Los discursos, las promesas', los programas, volverían a ser engaño y mentira. Los mismos charlatanes volverían a lucir las mismas trampas habilidosas. Serian otra vez el primer eslabón de una nueva cadena de hechos brutalmente revolucionarios. ¡Que la maldición y la venganza caigan sobre sus cabezas si algún día osan volver a levantarlas! ¡Y caiga también la vergüenza y el desprecio sobre la muchedumbre flaca de memoria que vuelva a prestarles oídos!
No basta arrojar de la Casa de la Villa a los. charlatanes de febrero, es menester precaverse contra los nuevos traidores.
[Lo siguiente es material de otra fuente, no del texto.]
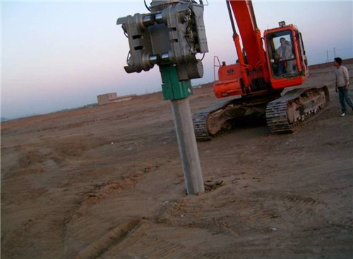 1、桩机准备好以后需要保持桩架的平稳,桩帽需要和桩顶牢牢锁紧,连成一个整体,这样才会更加牢固。打桩的时候,需要随时观察桩身的下沉变化,保证桩身、桩锤和桩帽都在同一中心线上,要避免锤击的时候打偏。起初桩身入土比较快,贯入力度比较大,需要随时调整激振力,保证匀速缓慢下沉。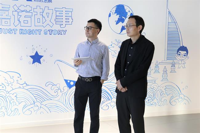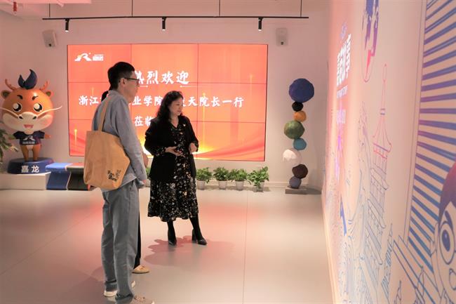 嘉诺创始人兼CEO程伟、合伙人党支部书记王祎带领施俊天一行参观了公司的整体布局、业务区块,并向在场的各位介绍了公司的成长经历和未来发展规划。同时,施俊天一行看望并问候了在公司任职的手工艺学院20级毕业生左彤彤,与她进行亲切的交谈,希望她能将在浙艺所学的知识充分发挥到工作岗位上,成为一名独当一面的设计师,为接下来的校企合作项目发挥桥梁作用。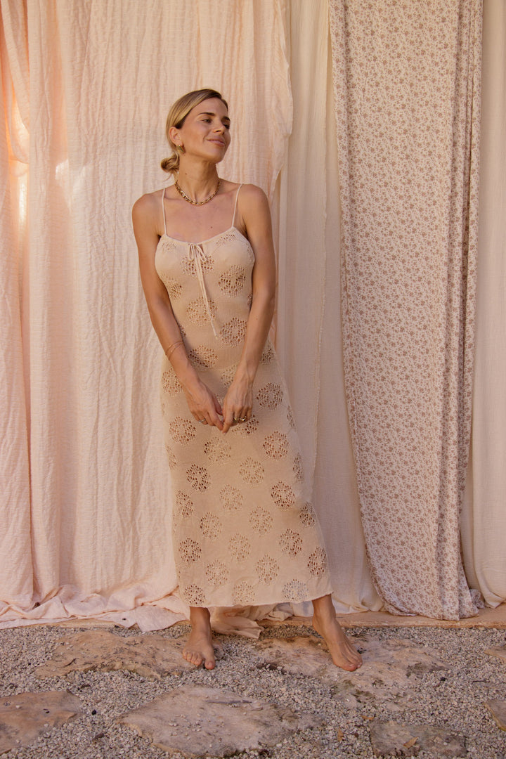 Nuestro vestido tejido arena es un vestido largo y liviano, confeccionado en tejido calado color arena que deja entrever la piel de forma sutil y delicada.

Sera un traidor todo gobernante que, elevado sobre el paves por el proletariado, no proceda inmediatamente a implantar las siguientes medidas:
1. Desarme de las guardias cívicas.
2. Armamento y organización de milicias nacionales, formadas por toda clase de obreros.
Claro está que no es esta la única medida que ha de adoptarse, pero si la primera, garantía de todas las demás y única salvaguardia para el pueblo.
Ni un solo fusil debe quedar en manos de los burgueses; de otro modo, no habrá salvación.
Las diversas doctrinas que hoy se debaten por conquistarse el favor del pueblo solo podrán realizar la mejora de su bienestar, que se proponen y prometen, si no dejan que se pierda lo conquistado por un fantasma.
Estas doctrinas darán ruidosamente en quiebra y el pueblo, llevado de su exagerada predilección por las teorías, se verá seducido a olvidar el único factor práctico del triunfo: la fuerza.
Armamento y organización: he ahí las armas decisivas del progreso, he ahí el medio más eficaz para poner fin a la miseria y a la opresión.
Quien tiene hierro, tiene pan. Ante la bayoneta no hay quien se doblegue, más las muchedumbres desarmadas se conducen como rebaños. Una Francia henchida de obreros armados significa el triunfo del socialismo.
Ante proletarios apoyados en sus fusiles se evaporan y reducen a la nada todas las dificultades, todas las imposibilidades, todas las resistencias.
Pero si los proletarios no saben más que divertirse en manifestaciones callejeras, plantando «arboles de la libertad», escuchando discursos de abogados, ya se sabe la suerte que les espera: primero, agua bendita; luego, insultos, y, por último, un plato de judías verdes. Y siempre la miseria. ¡Que el pueblo elija!